WHAT THIS TASK INVOLVES -> Output, exactly and with no pictures, the line that contains "A striking blend" and every line that comes after it in the data below, the last one included.

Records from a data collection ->

**********

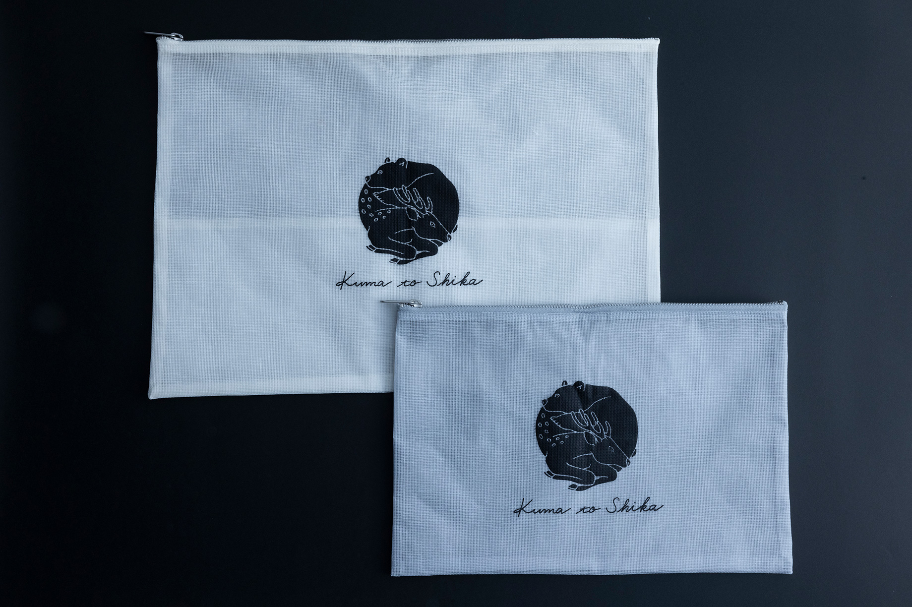 建築施工現場常見防止粉塵飛散的布料,再加上奈良特產、常用於蚊帳的織物「KAYA織(かや織)」製成的收納小包,中央印有「Kuma to Shika」的LOGO圖案,風格簡約。
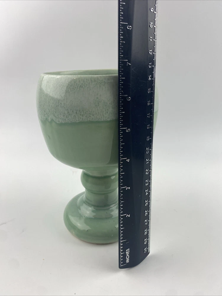 Material:CeramicOrigin:CaliforniaStyle:Mid-Century ModernUPC:Does not applyType:VaseBrand:California PotteryModel:Chalice Pot MCMgtin13:Does not applyProduction Style:Art PotteryItem Weight:1 lb 10 ozProduction Technique:Studio CraftedItem Height:7”Pattern:Drip GlazeVintage:YesCountry/Region of Manufacture:United StatesAntique:NoItem Width:5”Backstamp:IncisedColor:Drip Glaze Green
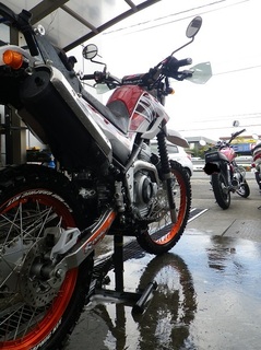 お昼休憩にセローの洗車(^-^) リヤキャリパーに枝が突き刺さってました・・・ なんか、セロー250になってから、よく木…
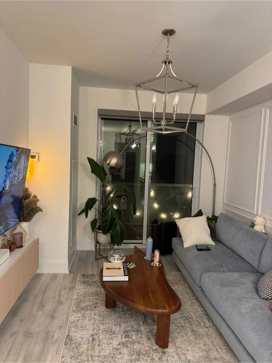 I wish I took a better picture before I swapped it but this stylish lantern-style chandelier brings a modern touch to any room. It features a brushed nickel finish and clear glass panels.
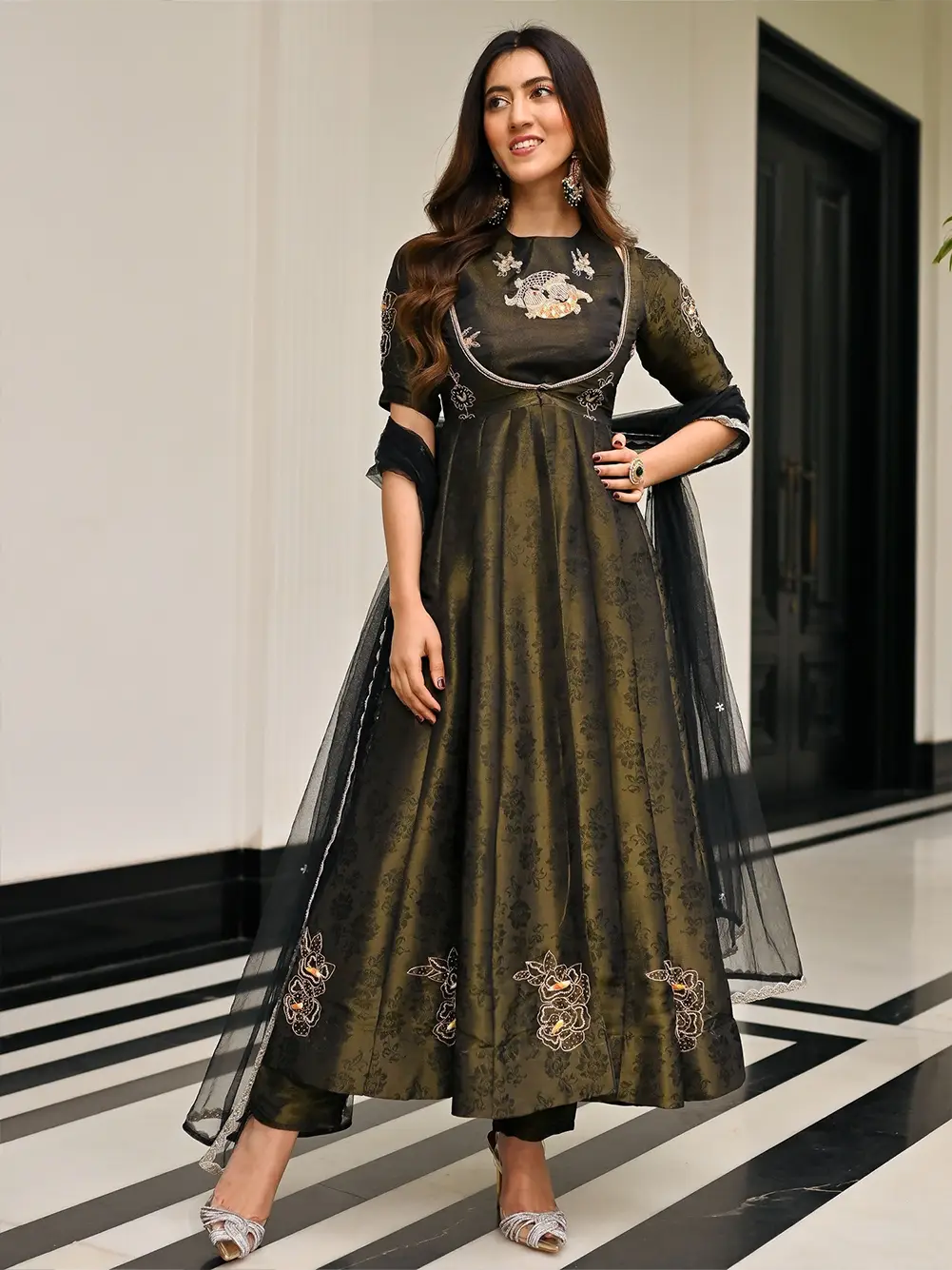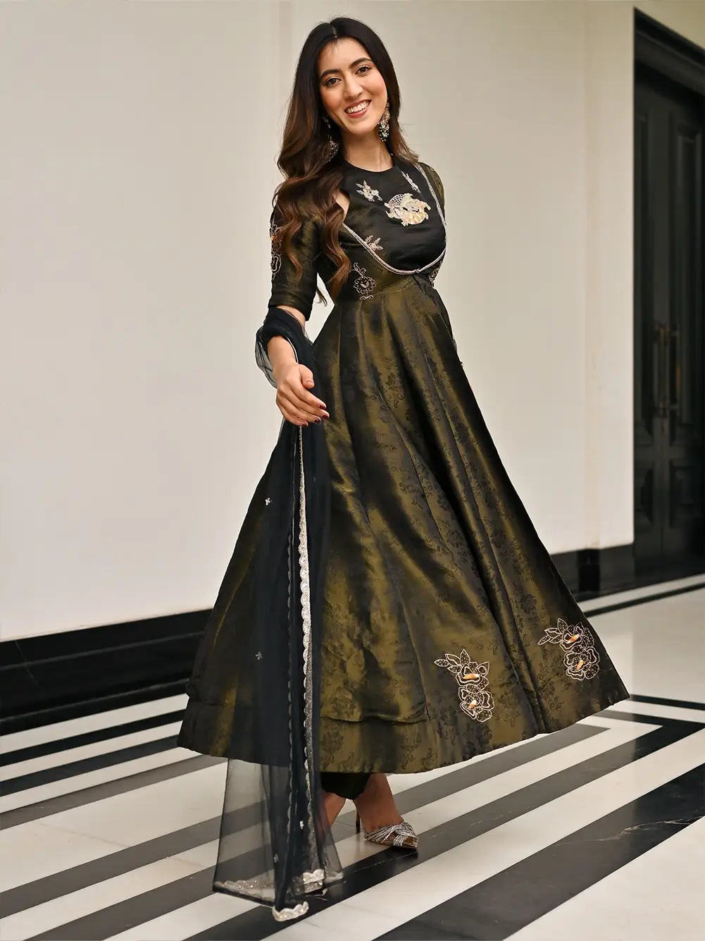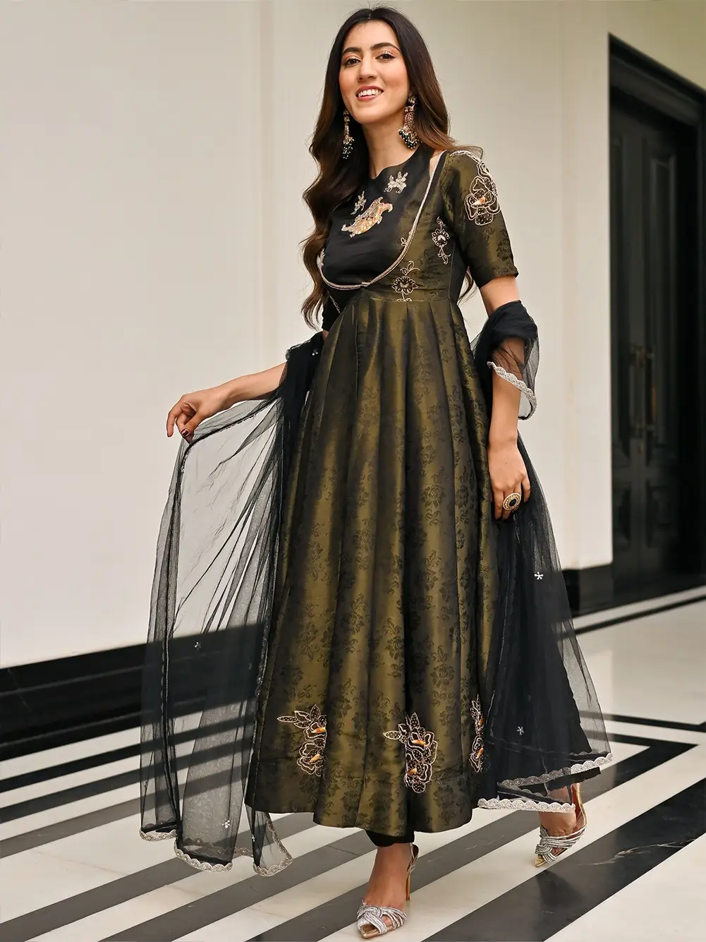 A striking blend of elegance and tradition, this black brocade Anarkali three-piece set is designed to make a bold style statement. Made from rich brocade fabric, the deep black base is enhanced with a touch of gold, giving it a sophisticated and festive look.
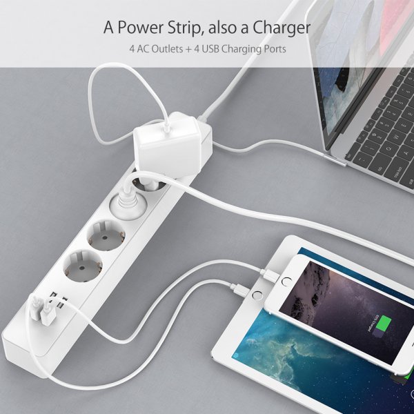 Удлинитель включает четыре универсальные розетки европейского типа, а также четыре USB-порта с поддержкой зарядки 5V/2.4A. Суммарная мощность на четыре USB-разъема не превышает 20 Вт, максимальная мощность нагрузки составляет 2500 Вт.
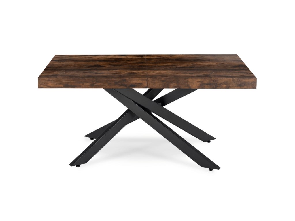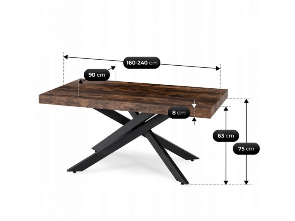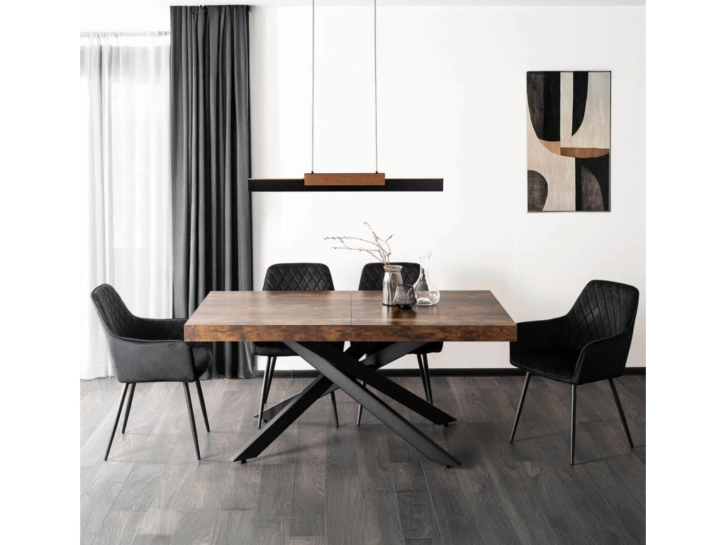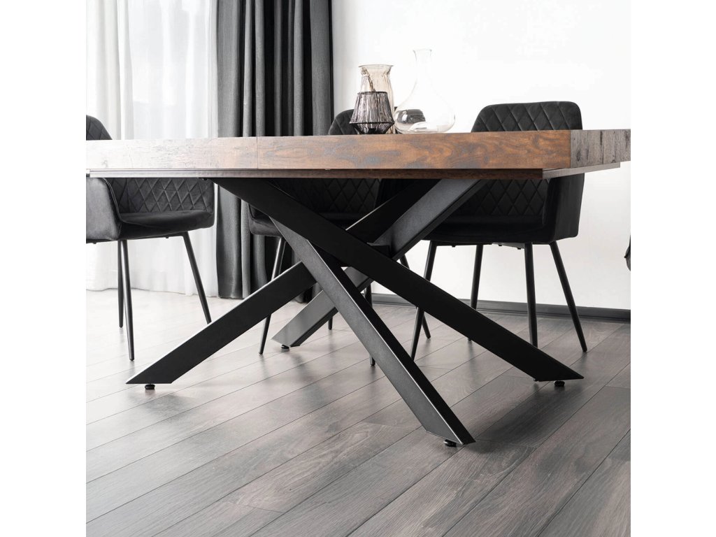 Doska je vyrobená z odolnej MDF dosky v dekore dub, ktorá je nenáročná na údržbu a odoláva bežnému opotrebeniu. Masívna čierna kovová konštrukcia zabezpečuje stabilitu aj pri plnom rozložení a vytvára atraktívny vzhľad. Vďaka kombinácii dreva a kovu pôsobí stôl elegantne, no zároveň moderne, hodí sa do interiérov, ktoré spájajú funkčnosť s dizajnom.

**********

OUTPUT OF THE EXERCISE ->
 A striking blend of elegance and tradition, this black brocade Anarkali three-piece set is designed to make a bold style statement. Made from rich brocade fabric, the deep black base is enhanced with a touch of gold, giving it a sophisticated and festive look.
 Удлинитель включает четыре универсальные розетки европейского типа, а также четыре USB-порта с поддержкой зарядки 5V/2.4A. Суммарная мощность на четыре USB-разъема не превышает 20 Вт, максимальная мощность нагрузки составляет 2500 Вт.
 Doska je vyrobená z odolnej MDF dosky v dekore dub, ktorá je nenáročná na údržbu a odoláva bežnému opotrebeniu. Masívna čierna kovová konštrukcia zabezpečuje stabilitu aj pri plnom rozložení a vytvára atraktívny vzhľad. Vďaka kombinácii dreva a kovu pôsobí stôl elegantne, no zároveň moderne, hodí sa do interiérov, ktoré spájajú funkčnosť s dizajnom.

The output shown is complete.